Un deuxième tableau représentant un enfant soldat sur un fond noir attire ensuite notre attention. De part et d’autre de l’enfant, de multiples messages peuvent être lus tels que « War kills innocents » (« La guerre tue des innocents ») ou encore « No more pain+more games » (« Plus de souffrance+plus de jeux »).

Ce sont tous des messages puissants aux formes et aux couleurs variées. L’enfant, quant à lui, porte une cravate et chemise bleue munie de l’inscription « I love life » (« J’aime la vie »). Ainsi, par le biais de cette toile, l’artiste prône une nouvelle fois la paix et ajoute à cette revendication la protection de l’enfance car l’enfance est une étape de la vie qui devrait rester belle et naïve et qui en aucun cas ne devrait être entachée par la violence et la guerre, soutient l’auteur d’Alien Nation. Ce dernier se considère lui-même comme un enfant dans un corps d’adulte. L’enfant est pour lui un thème très fort et récurrent.

La visite se poursuit avec de nombreux autres tableaux et cadres tous plus surprenants les uns que les autres. Fred Ebami apporte une touche décalée à chacun de ses travaux et n’hésite pas à revisiter à sa manière des figures religieuses.

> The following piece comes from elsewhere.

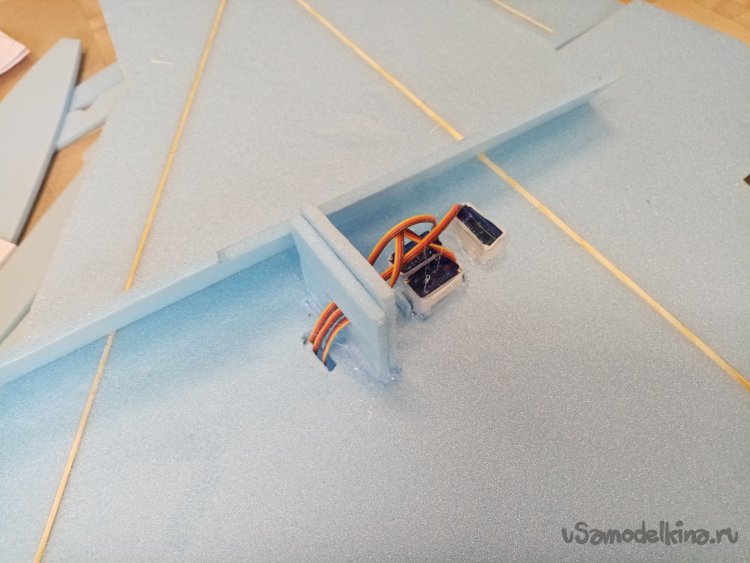 Почти все готово. Нужно устанавливать сервоприводы. На полочке лежит хорошая коробочка с необходимыми деталями. Сервоприводы весом в 9 грамм, с усилием в 1,5 кг. Вполне достаточно для такого маленького самолетика.

Ainsi, sur une affiche, il va, par exemple, représenter une sainte « bling bling » qui, malgré son auréole et sa toge bleue, va porter un long collier semblable à celui que portent les rappeurs américains, avoir du vernis rouge sur les ongles de la main et de nombreux tatouages sur plusieurs parties du corps. Cette affiche est un moyen pour Fred Ebami de montrer que la mode est devenue une religion que tout le monde suit aujourd’hui. Un message qu’il écrit d’ailleurs à gauche de la religieuse. Au final, l’image obtenue par l’artiste est bien éloignée de celle qui serait en temps normal attendue lorsque l’on parle de religion.

« Je suis un sale noir, un sale blanc, un sale arabe, un sale juif, un sale jaune, un être humain » sont les mots forts qui constituent à eux seuls une œuvre à part entière. Tous sont rédigés en caractères gras sur un fond blanc sauf pour les mots « un être humain » qui sont quant à eux habillés aux couleurs de l’arc-en-ciel. Le symbole de la tolérance est alors ici très clair. Un vrai désir de respect entre les êtres humains se dégage.

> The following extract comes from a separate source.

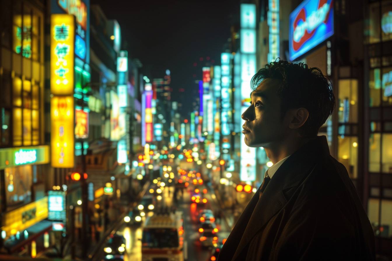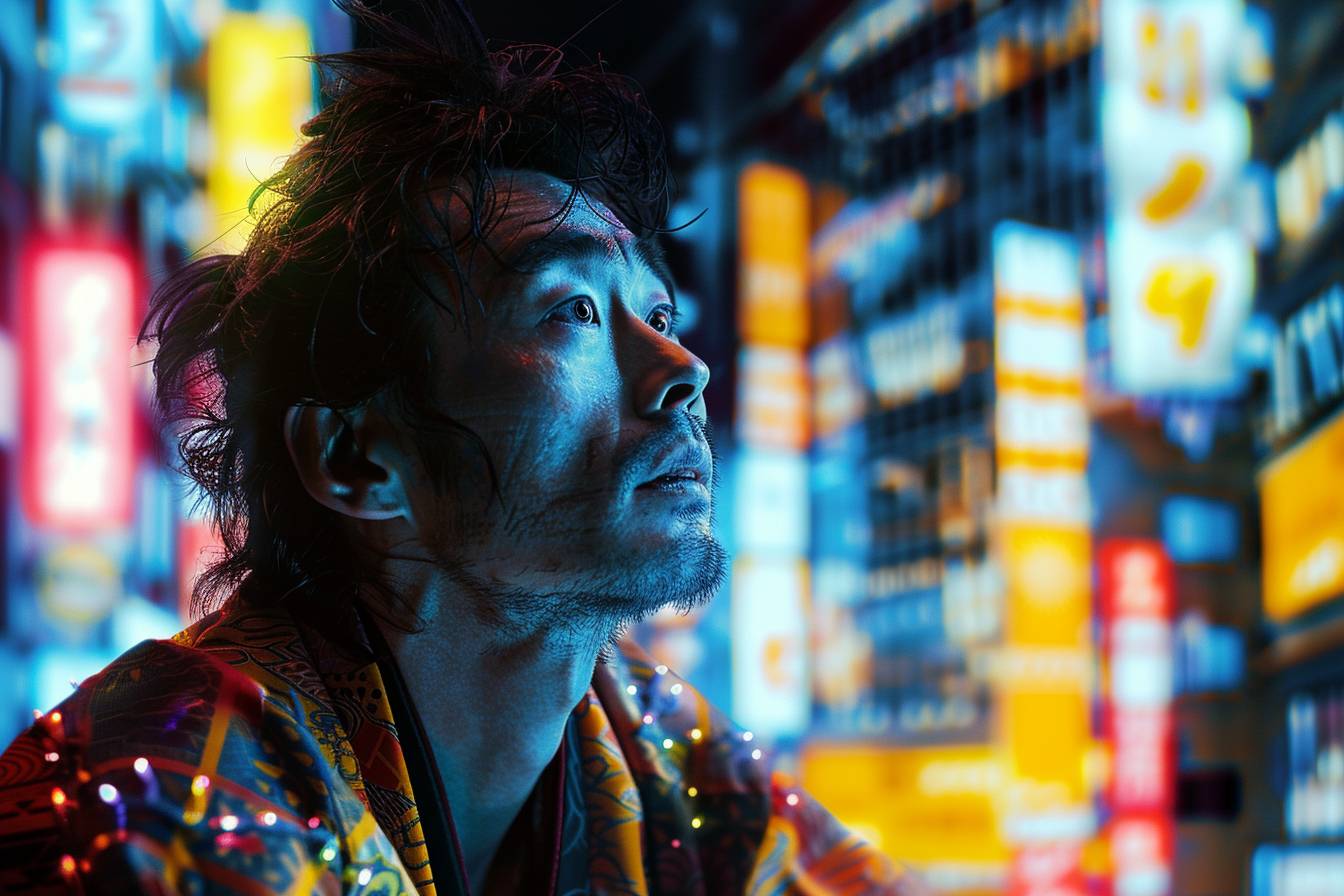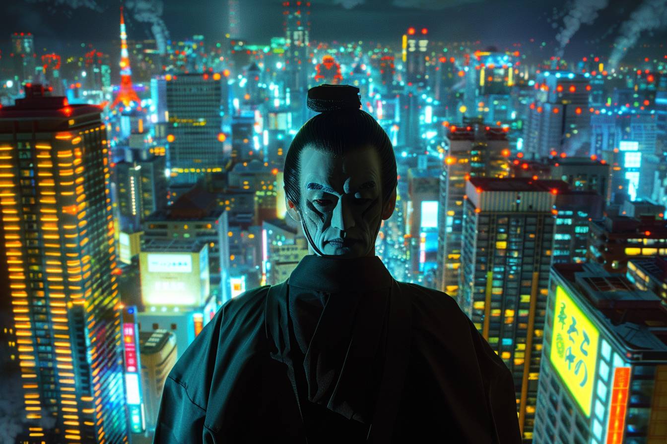 《霓虹夜曲》中的歌舞伎演員,沐浴在未來主義舞台聚光燈下輝煌的黃金光芒中,周圍是延伸至地平線的霓虹燈都市。

Fred Ebami montre également l’importance des mots qui ne sont pas moins saisissants que les images. Les tableaux ou affiches que ceux-ci composent sont, certes, d’une simplicité déconcertante mais ils réussissent tout de même à marquer les esprits.

Alien Nation, une exposition qui joue sur la dérision pour faire passer des messages qui nous interpellent tous à propos de l’humanité, du monde qui nous entoure et de la réalité actuelle. L’artiste Fred Ebami, inspiré notamment de la pop art, touche à tout et ne se prend surtout pas au sérieux pour aborder des problèmes qui sont, quant à eux, graves et urgents.